Returns:	Initial state tuple - object of GRUStateTuple class.

forward(x, prev_state_tuple)[source]¶

Controller forward function.

Parameters:	x – a Tensor of input data of size [BATCH_SIZE x INPUT_SIZE] (generally the read data and input word concatenated) prev_state_tuple – Tuple of the previous hidden and cell state
Returns:	outputs a Tensor of size [BATCH_SIZE x OUTPUT_SIZE] and an GRU state tuple.

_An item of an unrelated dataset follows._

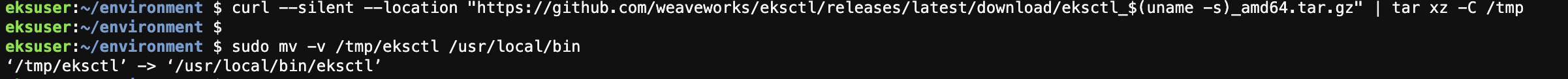 $ curl --silent --location "https://github.com/weaveworks/eksctl/releases/latest/download/eksctl_$(uname -s)_amd64.tar.gz" | tar xz -C /tmp sudo mv -v /tmp/eksctl /usr/local/bin
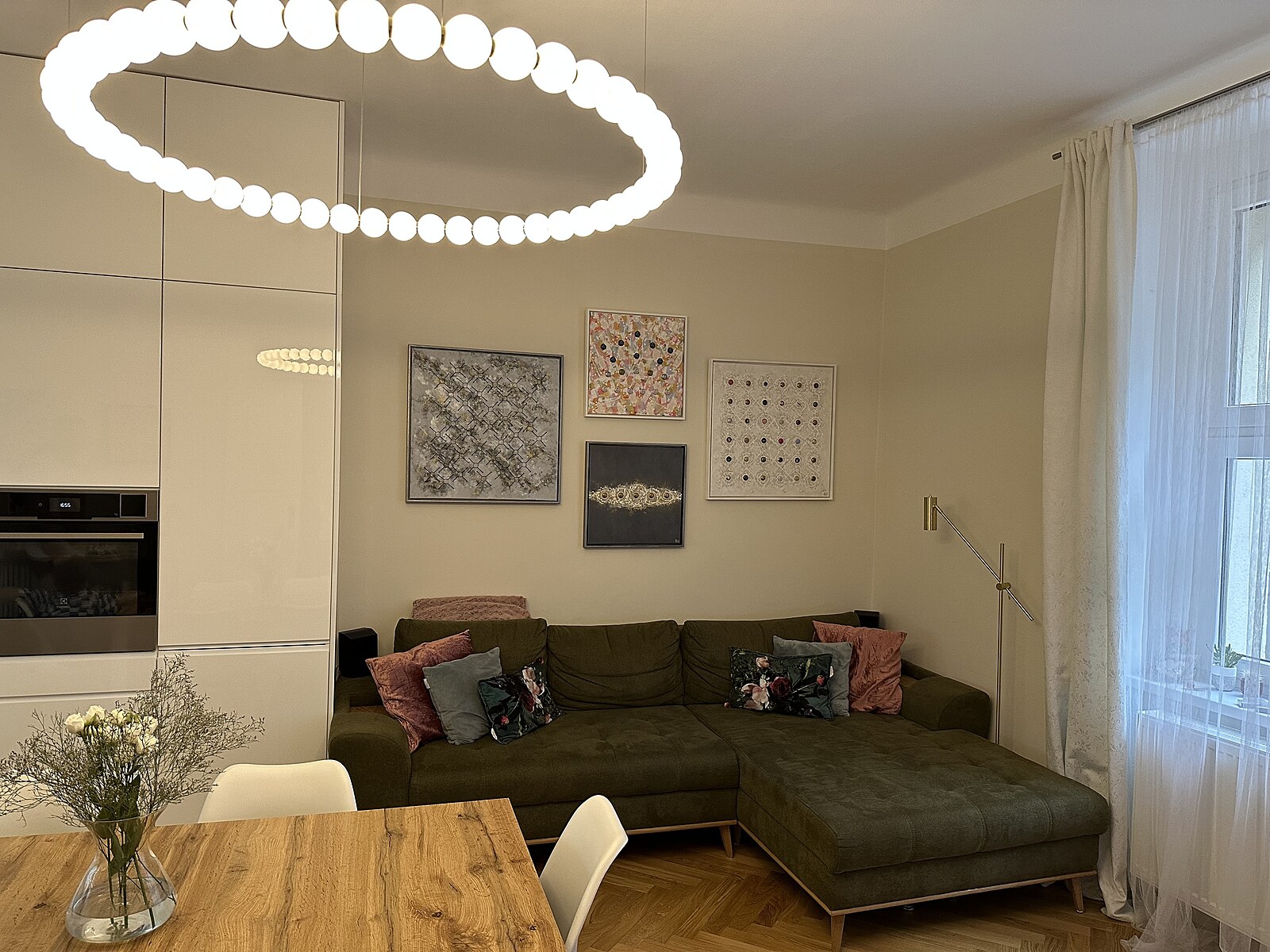 Rozkládací pohovka a skleněný lustr

class miprometheus.models.controllers.LSTMStateTuple[source]¶: Tuple used by LSTM Cells for storing current/past state information.

class miprometheus.models.controllers.LSTMController(params)[source]¶

A wrapper class for a LSTM-based controller.

__init__(params)[source]¶

Constructor.

Parameters:	params – Dictionary of parameters.

init_state(batch_size)[source]¶

Returns ‘zero’ (initial) state tuple.

Parameters:	batch_size – Size of the batch in given iteraction/epoch.
Returns:	Initial state tuple - object of LSTMStateTuple class.

forward(x, prev_state_tuple)[source]¶

Controller forward function.

Parameters:	x – a Tensor of input data of size [BATCH_SIZE x INPUT_SIZE] (generally the read data and input word concatenated) prev_state_tuple – Tuple of the previous hidden and cell state
Returns:	outputs a Tensor of size [BATCH_SIZE x OUTPUT_SIZE] and an LSTM state tuple.

class miprometheus.models.controllers.RNNStateTuple[source]¶: Tuple used by LSTM Cells for storing current/past state information.

class miprometheus.models.controllers.RNNController(params)[source]¶

A wrapper class for a feedforward controller?

TODO: Doc needs update!

__init__(params)[source]¶

Constructor for a RNN.

Parameters:	params – Dictionary of parameters.

init_state(batch_size)[source]¶

Returns ‘zero’ (initial) state tuple.

Parameters:	batch_size – Size of the batch in given iteraction/epoch.
Returns:	Initial state tuple - object of RNNStateTuple class.

forward(inputs, prev_hidden_state_tuple)[source]¶

Controller forward function.

Parameters:	inputs – a Tensor of input data of size [BATCH_SIZE x INPUT_SIZE] (generally the read data and input word concatenated) prev_state_tuple – Tuple of the previous hidden state
Returns:	outputs a Tensor of size [BATCH_SIZE x OUTPUT_SIZE] and an RNN state tuple.

Memory-Augmented Neural Network (MANN) models¶

DWM¶

class miprometheus.models.dwm.Controller(in_dim, output_units, state_units, read_size, update_size)[source]¶

Implementation of the DWM controller.

__init__(in_dim, output_units, state_units, read_size, update_size)[source]¶

Constructor for the Controller.

Parameters:	in_dim – input size. output_units – output size. state_units – state size. read_size – size of data_gen read from memory update_size – total number of parameters for updating attention and memory

init_state(batch_size)[source]¶

Returns ‘zero’ (initial) state tuple.

Parameters:	batch_size – size of the batch in given iteraction/epoch.
Returns:	Initial state tuple - object of LSTMStateTuple class.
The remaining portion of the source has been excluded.